Moving minds with moving images: Peace education through film

Films used as part of peace education can help students cultivate mindful attention and reflection that can in turn lead to empathy and intercultural understanding.

August 02, 2023 by Chairat Chongvattanakij, UNESCO Multisectoral Regional Office in Bangkok, and Phinith Chanthalangsy, UNESCO Multisectoral Regional Office in Bangkok
4 minutes read
Two girls watch an online platform in Timor-Leste, which allows them to access a range of audiovisual material to help them continue learning during school closures.
Credit: UNICEF/UNI320803/Soares

The prerequisites for peace include both the absence of direct violence (“negative peace”) and the presence of social justice (“positive peace”). Accordingly, peace education seeks to equip learners with the knowledge, skills, attitudes and values needed to resolve conflicts, create conditions for individual and collective emancipation from any form of oppression, and thereby fashion more equitable and inclusive societies.

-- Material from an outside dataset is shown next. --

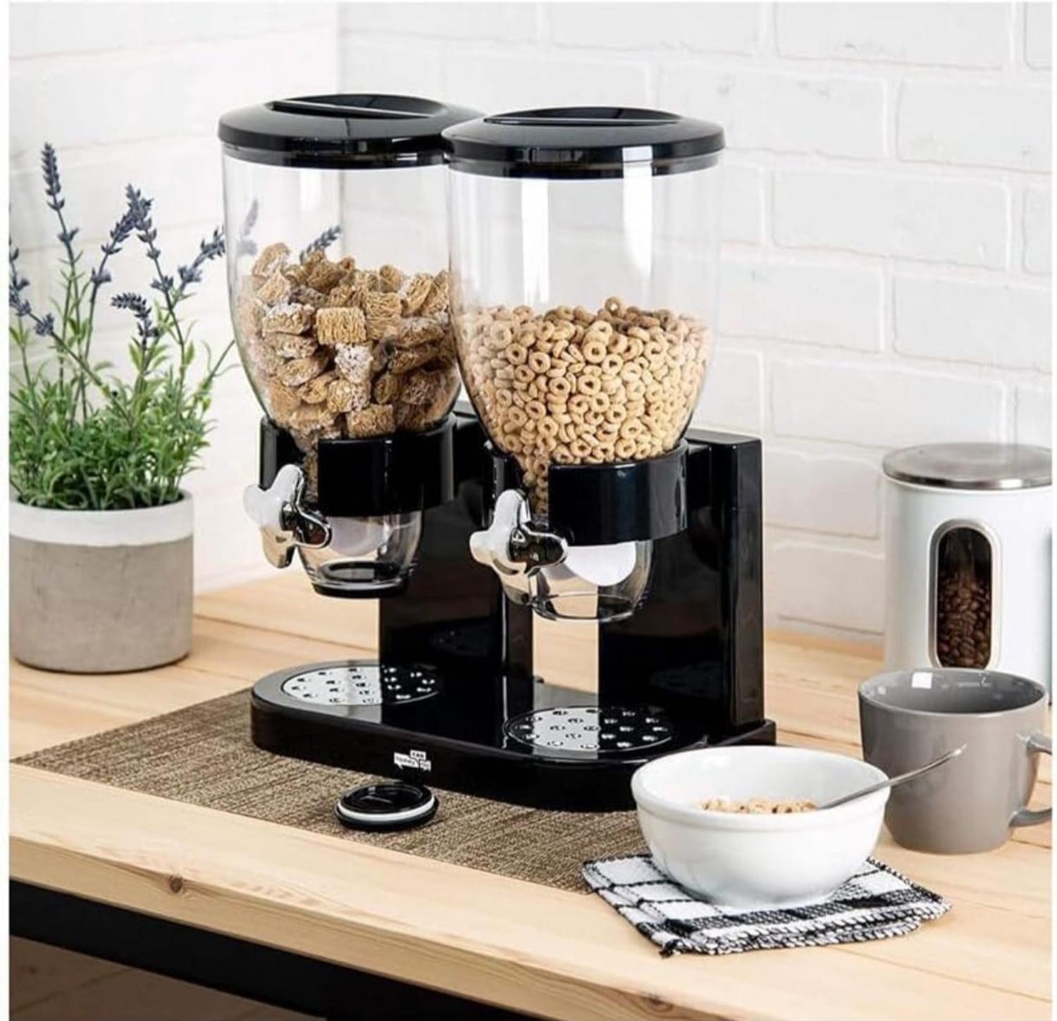 ADECUADO PARA LA COCINA: Su dispensador de alimentos no solo se verá como en casa en cualquier cocina, ¡este moderno dispensador de alimentos secos será un éxito entre las familias! Proporciona una forma divertida y cómoda de dispensar sus alimentos favoritos. Adecuado para alimentos granulados de aproximadamente 0,5 a 3 cm, perfecto como dispensador de dulces, nueces, granola, comida para mascotas y cereales.\n\nGRAN CAPACIDAD Y 1 OZ POR REVOLUCIÓN: Este dispensador de cereales tiene una capacidad de 2 litros y puede contener hasta 17,5 onzas de comida en cada recipiente. Baldes que dispensan exactamente 1 onza por revolución, lo que significa que puede servirle a usted y a su familia la cantidad perfecta independientemente de los ingredientes.\n\nMANTIENE LOS ALIMENTOS FRESCOS: este dispensador de alimentos sella herméticamente para mantener todos los ingredientes frescos, deliciosos y listos para comer durante más de un mes, por lo que no hay absolutamente ningún desperdicio.\n\nFÁCIL DE USAR: Hecho de materiales de calidad alimentaria, su dispensador de alimentos durará toda la vida y es muy fácil de usar y ensamblar, ¡tan fácil como desenroscar!\n\nFÁCIL DE LIMPIAR: si necesita limpiar su dispensador de alimentos secos, todos los componentes y bandejas se pueden quitar fácilmente para que pueda realizar fácilmente una limpieza profunda. Simplemente lave con agua caliente y jabón y séquelo al aire..

But educationalists face a major challenge. After all, peace cannot simply be decreed or preached into existence. Peace education is not a matter of technical know-how or recipes. Rather, it entails the application of emotional intelligence to nourish a culture of peace.

Indeed, given the multidisciplinary and somewhat evanescent nature of peace education, various peace pedagogies can be implemented or continuously reinvented to suit local contexts.

As part of an arts-based pedagogy, the medium of film can help students cultivate mindful attention and reflection conducive to empathy and intercultural understanding.

But why do films wield such power?

Early examples of using films to educate

The educational value of film has long been recognized. In 1912, the New York Evening Journal published an editorial with the headline, “The Power of Moving Pictures: They Will Educate, through the Eye, Hundreds of Millions of Children.” Essentially, films can capture and dramatize the flux of time, thereby affording viewers a captivating opportunity to interrogate experience and question assumptions.

Peace studies have taught us that peace is a diverse and relational phenomenon that must accommodate images and efforts from diverse cultures, as well as from the marginal strata of society. Films capture images and efforts, weaving them into plots, characters and aesthetic experiences that engage our sensitivity in an irresistible manner.

The January 1955 issue of the UNESCO Courier hailed the potential of films in fostering intercultural dialogue: “One can visit a cinema in Greece, for example, and see a Japanese film spoken in Japanese and carrying Greek subtitles—an unheard of thing a few years ago.”

In a 2011 opinion survey, 98% of surveyed teachers across the United Kingdom responded that “film is a useful teaching tool,” and all of them agreed that “exposure to a wide range of films helps to broaden children’s understanding of the world and other cultures.”

African filmmakers educate on the continent’s heritage

Let us consider one noteworthy initiative in this regard. In 2021, UNESCO and Netflix launched the competition “African Folktales Reimagined” with the aim of supporting young African filmmakers and promoting the continent’s cultural heritage and creative diversity on the global stage. Production grants were awarded to six finalists, resulting in a multilingual anthology of short films released on Netflix in March 2023.

Nigerian filmmaker Femi Odugbemi, who was on the panel of judges for the competition, underscored that this project is important “because the greatest education anyone receives is to travel into the unknown worlds of history, so we can grow the respect and understanding necessary to maintain and preserve mutual respect and peace in the world.” These short films are also notable for featuring strong female protagonists and unflinchingly tackling issues like gender-based violence, suicide and child marriage.

With MaMlambo, South African filmmaker Gcobisa Yako wanted to subvert the “typical and patriarchal portrayal” in folktales, whereby women are often “vilified and shamed.” In doing so, the film simultaneously draws attention to modern structural violence against women that persists in hampering positive peace in South Africa and beyond.

Films to empower today’s learners

Even though peace cannot be decreed, its presence—as well as its absence, the unfortunate reality for many—can certainly be perceived, felt, and experienced in our emotional lives and through the rich imagination that we develop thanks to films.

If we think that young people today, as the media insists, are no longer interested in politics because they are not capable of believing in ideologies or ideals, let us observe them watch a movie.

Jean-François Lyotard may be right in noting that postmodern youth are characterized by “incredulity towards metanarratives,” but films can nonetheless sensitize them to the gamut of transformative emotional experiences.

In an age of ubiquitous audiovisual content, peace education should leverage the vivid multisensorial experience of films to engage and stimulate students.

Indeed, psychological research suggests that systematic film-based courses can foster personal responsibility and positive behaviors. And more broadly, the plurality of fictional and non-fictional narratives we encounter, or author and choreograph in the course of our lives, contribute to shaping the characters of our subjectivity.

In building a culture of peace, what could be more essential than nurturing subjectivity and intersubjectivity? Ultimately, film literacy may hold the key in empowering learners to flourish as creative agents of peace.